Data protection: Can medical research be anonymized?
Interview with Prof. Klaus Pommerening, Spokesperson of the Data Protection Committee, TMF - Technology and Method Platform for Networked Medical Research
Electronic health records, telemedicine, cloud computing and big data: questions about data protection appear everywhere in digitized health care. Yet what do things look like far away from application at the foundations of medicine? Can patient data and personal rights in research be protected when several centers and numerous researchers participate in studies?
In this interview with MEDICA.de, Prof Klaus Pommerening talks about guidelines on data protection concepts in research, establishing a data protection concept and the (non-) anonymization of patient data.
Prof Pommerening, how is data protection in medical research actually regulated? Are there laws, standards or norms?
Prof. Klaus Pommerening: The legislative body here in Germany only requires us to adhere to the general data protection laws. Of course, doctor-patient confidentiality as it pertains to treatment data also applies. In addition, there is a statement issued by the German Ethics Council on the work of biobanks, which was also carried over to research outside of biobanks at some point. However, there is no legal recourse for this statement.
In terms of standards, the TMF has issued guidelines on data protection for medical research projects in early 2014. It contains best practice recommendations you can implement yourself. The guidelines stand in the tradition of a previous project called "Generic Data Protection Concepts for Medical Research Networks".
How about internationally?
Pommerening: There are no guidelines as such in the respective countries as far as I can tell from several international projects we participated in. Of course, there are also expert opinions that veer in this direction, but there are no best practice documents. However, data protection laws are largely consistent in Europe to where the situation is essentially similar in the other European countries.
Whom can you choose as a role model in implementing data protection for instance?
Pommerening: You mean a concrete research network? The TMF has, of course, consulted many, who are now geared towards our guidelines or those of the precursor. However, I cannot point to anyone since the networks would have to authorize this first.
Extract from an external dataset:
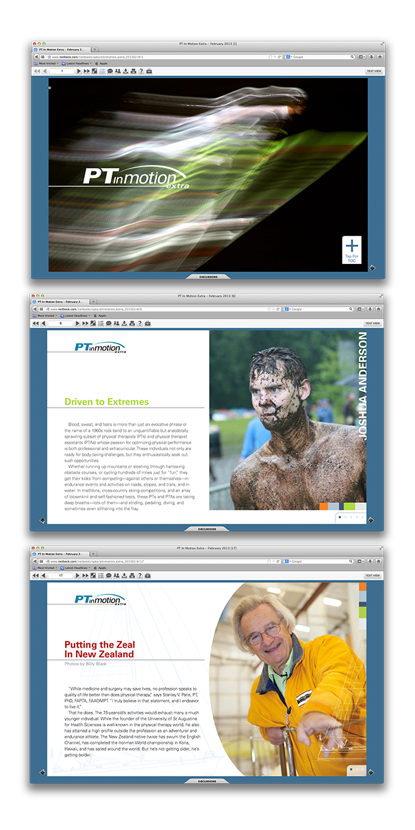 • Conceptualize and design each article and section of PTinMotion extra.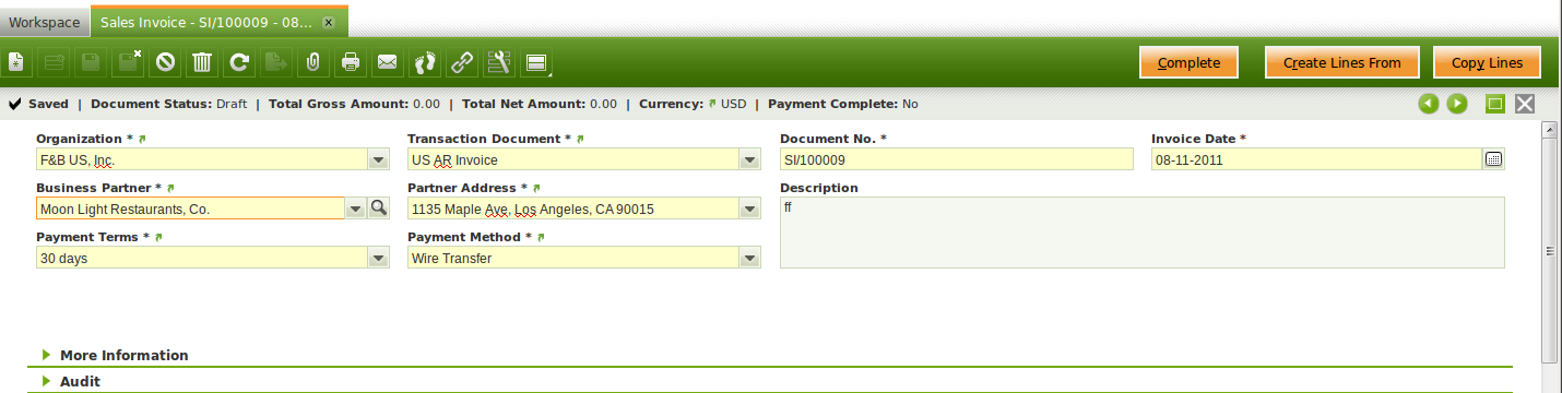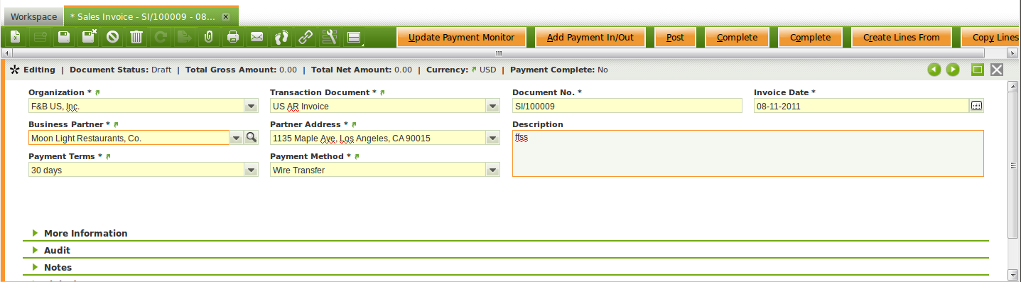 | Steps To Reproduce | Create a new Sales Invoice header and save it Open the new record in edit mode Change the value in the description field Notice that many extra toolbar buttons are displayed which should not be displayed Save the changes Notice the extra toolbar buttons disspear again | |||||||

But you can check out several examples on the TMF webpage after you register.
Is this type of guideline sufficient for all research projects or do you need to make your concept contingent on the research project?
Pommerening: It depends on the project of course. Our guideline has a modular set-up, however. Users can essentially select those portions they need for their project and create their concept from them. Networks that are geared toward the guideline are usually very quick in creating a concept that was also accepted by governmental data protection authorities.
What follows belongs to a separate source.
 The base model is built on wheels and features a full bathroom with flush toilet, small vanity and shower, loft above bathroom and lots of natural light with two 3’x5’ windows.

What expenditures and costs are involved with such a concept?
Pommerening: This is hard to quantify. That said the considerations you need to take into account in setting up a research network are actually the same considerations that ultimately lead to a data protection concept. You first need to be clear on the general organizational environment and the cooperation of all involved parties. This also pertains to the IT level. The more thought-out the project is, the better the chances of success for the data protection concept becomes.
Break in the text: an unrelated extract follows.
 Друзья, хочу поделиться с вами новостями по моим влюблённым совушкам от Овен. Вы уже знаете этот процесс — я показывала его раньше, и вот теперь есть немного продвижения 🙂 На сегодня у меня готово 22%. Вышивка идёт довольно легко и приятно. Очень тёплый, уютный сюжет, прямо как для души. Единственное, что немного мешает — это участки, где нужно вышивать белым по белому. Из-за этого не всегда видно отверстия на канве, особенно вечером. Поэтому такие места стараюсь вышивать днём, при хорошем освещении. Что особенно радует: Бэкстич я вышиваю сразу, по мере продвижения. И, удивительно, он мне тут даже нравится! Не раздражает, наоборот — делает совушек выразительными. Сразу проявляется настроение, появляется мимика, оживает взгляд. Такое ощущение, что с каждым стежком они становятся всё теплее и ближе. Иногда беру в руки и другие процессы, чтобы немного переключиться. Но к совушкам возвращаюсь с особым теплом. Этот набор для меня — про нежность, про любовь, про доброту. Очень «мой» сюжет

You also need to consider certain additional measures when it comes to costs. This includes investments in IT security for example and establishing pseudonymization and anonymization services that protect the patient's data and identity.
How does anonymization of patient data actually work?
Pommerening: Generally, you delete all personally identifiable information for a patient from the medical information system, which includes the name, address and case number. Simply anything, that points directly to the party involved. Yet this is just the first step since you can still identify a patient from the remaining data.
You could identify someone based on a combination of certain characteristics. Effective anonymization tools check how these characteristics can be coarsened, summarized and categorized. They do everything that makes the re-identification of a patient difficult. However, a complete anonymization and prevention of re-identification attempts, as outlined in the data protection laws, is hardly feasible in medicine. The data can subsequently no longer be used or analyzed. This is only possible with very general statistics, not with detailed studies.
This is ultimately also the TMF's position: usable data can never be anonymized to where you could make it "publically available". You always have to implement use restrictions, regardless of how you actually plan to enforce them.
Where is data protection headed in your opinion? What trends do you see?
Pommerening: More and more data is being generated and stored. Firstly, people are more willing to disclose their information, for instance in social networks. Of course, it is difficult for us to control this. Secondly, tracker and wearable devices, ambient assistant living tools or other assistance systems also provide data without our help. People and their health status are monitored in the case of assisted living for instance. This makes sense by itself, but detailed data is being recorded throughout the entire day.
A third problem is that personalized medicine creates and uses genomic data that has a high risk of patients being re-identified.
At the very least, these three trends render data protection ever more complex. This also makes the issue of the impossibility of data anonymization more and more important and urgent, but also harder to solve.